The title may be misleading, so feel free to change the wording when the terminology for the real problem arises. 标题可能会误导您,因此在出现实际问题的术语时,请随时更改措词。 =) =)

In this case, I am aware that the lists can probably be interchanged with tuples, for the most part. 在这种情况下,我知道列表在大多数情况下可能可以与元组互换。 The end result can be any iterable as far as I'm concerned. 就我而言,最终结果可以是任意迭代的。

I have two lists-of-lists. 我有两个列表。 Suppose they are: 假设它们是:

list_a = [[1, 'f00d'], [2, 'dead'], [3, 'beef']]
list_b = [[1, 'frankenbeans'], [2, 'chickensoup'], [3, 'spaceballs']]

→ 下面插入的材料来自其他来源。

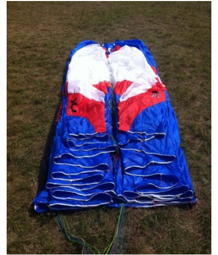
(3) Lover la voile

Neither list is necessarily the same length, nor is guaranteed that they contain a common first element. 列表的长度不一定相同,也不能保证它们包含共同的第一个元素。

What I'm trying to do is create a new list-of-lists/list-of-tuples/list-of-dicts/whatever, as such: 我正在尝试做的是创建一个新的列表列表/元组列表/字典列表/其他内容,例如:

list_c = [[1, 'f00d', 'frankenbeans'], [2, 'dead', 'chickensoup'], [3, 'beef', 'spaceballs']

Updated : Basically, I know the position of the common "ID" in these lists, though it is not necessarily sequential, nor are the lists-of-lists in the same order (but is an integer). 更新 :基本上,我知道公用“ ID”在这些列表中的位置,尽管它不一定是顺序的,列表的顺序也不是相同的 (而是整数)。 I'm looking for an efficient way to create a new set of the sub-lists, based on that common ID. 我正在寻找一种基于该通用ID创建一组新的子列表的有效方法。

The naive way: 天真的方法:

new_list = []
for list_a_list in list_a:
  for list_b_list in list_b:
    if list_a_list[0] = list_b_list[0]:
      new_list.append([list_a_list[0], list_a_list[1], list_b_list[1]])

... or some such. ...或类似的东西。 Giving me the feeling that there's a much "smarter" way to do this, but I kinda suck at that. 给我一种感觉,有很多“更智能”的方法可以做到这一点,但我还是很烂。

Update: 更新:
Does it add any bearing if I mention that the list-of-lists each carry thousands to a million items at a time? 如果我提到列表一次包含数千到一百万个项目,这是否增加了任何影响?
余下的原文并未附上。